RL with RoboCasa Benchmark#

This document provides a comprehensive guide for reinforcement learning training tasks using the RoboCasa environment in the RLinf framework. RoboCasa Kitchen focuses on manipulation tasks in kitchen environments, featuring diverse kitchen layouts, objects, and manipulation tasks.
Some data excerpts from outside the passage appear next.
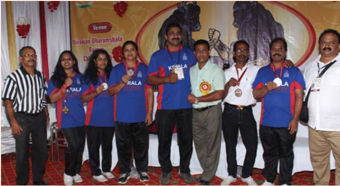
Arm Wrestling competition held at Raipur, Chhattisgarh during 20 - 24 May, 2016
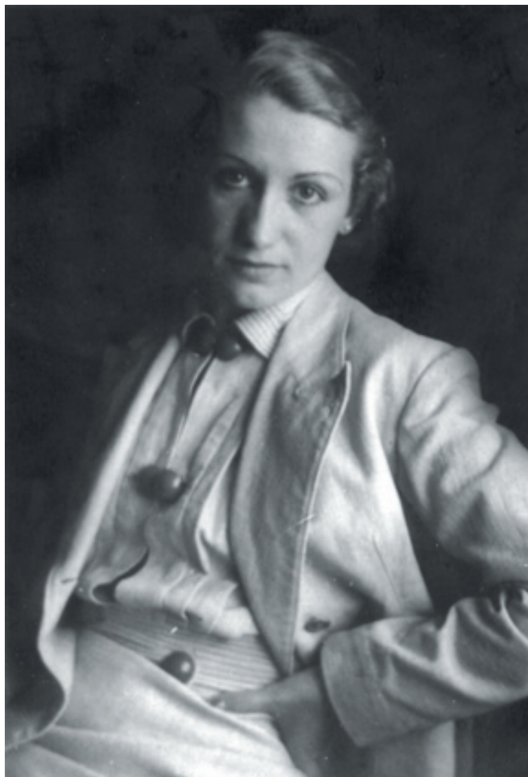
Primavera de 1936
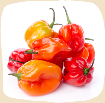
Piment Habanero frais

RoboCasa Kitchen combines realistic kitchen environments with diverse manipulation challenges, making it an ideal benchmark for developing generalizable robotic policies.

The main goal is to train vision-language-action models capable of performing the following tasks:

  1. Visual Understanding: Process RGB images from multiple camera viewpoints.

  2. Language Understanding: Interpret natural language task instructions.

  3. Manipulation Skills: Execute complex kitchen tasks such as pick-and-place, opening/closing doors, and appliance control.

Environment#

RoboCasa Simulation Platform

  • Environment: RoboCasa Kitchen simulation environment (built on robosuite)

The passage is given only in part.